After a long fallow period, the 1916 Rising is attracting a new wave of publications. The long-awaited release of Bureau of Military History files, which contain graphic accounts by participants in the Rising, has proved a fertile source of material. Clair Wills, professor of Irish Literature at Queen Mary University of London, and author of an excellent study of Ireland during the second World War, is the latest scholar to turn her attention to 1916.
This is not a history of the Rising: it is a discursive essay on the GPO, its central role in the Rising, and the commemoration and interpretation of the Rising since that time.

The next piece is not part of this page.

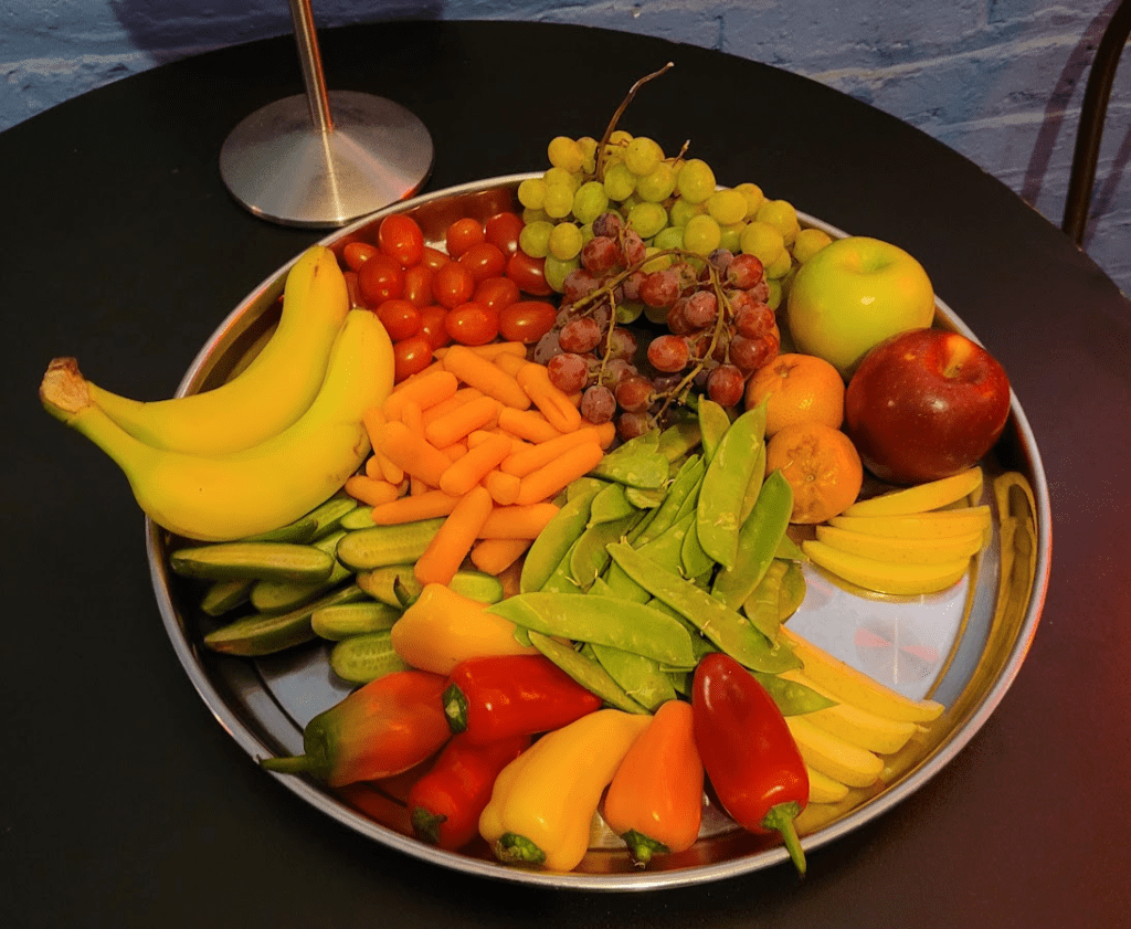 Before we leave, Pax calls me into the green room to show off their veggie and fruit tray โArtists only,โ he says before I take a few slices of pear.

Wills has mined the histories and memoirs relating to 1916 and the Irish Revolution for material; she has also made extensive use of numerous writings on historical memory and commemoration – relating to Ireland and more generally. She is interested in “the symbolism of the events and their aftermath”; the transformation of the GPO “from an emblem of nineteenth-century British power and civil government to a barricade against shelling, to a national symbol”.

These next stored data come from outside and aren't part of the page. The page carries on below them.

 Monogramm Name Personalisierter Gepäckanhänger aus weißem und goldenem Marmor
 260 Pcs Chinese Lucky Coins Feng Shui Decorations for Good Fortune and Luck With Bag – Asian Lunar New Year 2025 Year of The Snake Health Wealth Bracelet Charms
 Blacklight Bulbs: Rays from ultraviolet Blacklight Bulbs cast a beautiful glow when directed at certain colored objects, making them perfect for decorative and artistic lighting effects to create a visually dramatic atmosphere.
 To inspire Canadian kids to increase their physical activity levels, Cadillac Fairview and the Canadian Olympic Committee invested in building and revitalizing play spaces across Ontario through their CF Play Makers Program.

This concentration on the GPO and the limited attention given to the political background, would suggest this book is not the best introduction to the Rising for a general reader. Anybody familiar with the events and personalities will enjoy the anecdotes and Wills’s reflections, which are delivered with verve, but those who are unfamiliar with the Rising and its historical context may well be confused by references to “a place at the peace table”, or frustrated by brief references to “the story of Casement . . . his conversion to Catholicism and deathbed prayers”, without any further details or background.

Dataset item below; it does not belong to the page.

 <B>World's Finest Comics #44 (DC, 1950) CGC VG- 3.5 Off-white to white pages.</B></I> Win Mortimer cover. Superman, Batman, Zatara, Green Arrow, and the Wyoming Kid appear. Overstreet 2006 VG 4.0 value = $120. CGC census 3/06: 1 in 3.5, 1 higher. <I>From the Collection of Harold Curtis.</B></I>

Wills is at her best when discussing the poetry and dramatic works that were prompted by 1916. The Rising inspired an amazing amount of poetry, as did the first World War. Poetry was “virtually a mass medium” in Britain during those years, though the commemorative poetry inspired by 1916 was not particularly innovative.
Yeats's poem Easter 1916was, Wills claims, an equivocal commemoration – which is probably why 1916 veterans such as Eamon de Valera did not want it to feature in the Golden Jubilee commemorations. In later chapters, she guides us through dramatic representations of the Rising and Irish history, ranging from Sean O'Casey's The Plough and the Starsto Insurrection, Hugh Leonard's dramatisation commissioned by Teilifís Éireann to mark the 1966 Jubilee. Photographs showing the interior of the GPO, taken just before the Rising, and the set of Insurrection show the RTÉ team went to considerable efforts to replicate the GPO as it was during the Rising: this was consistent with the documentary realism of Insurrection.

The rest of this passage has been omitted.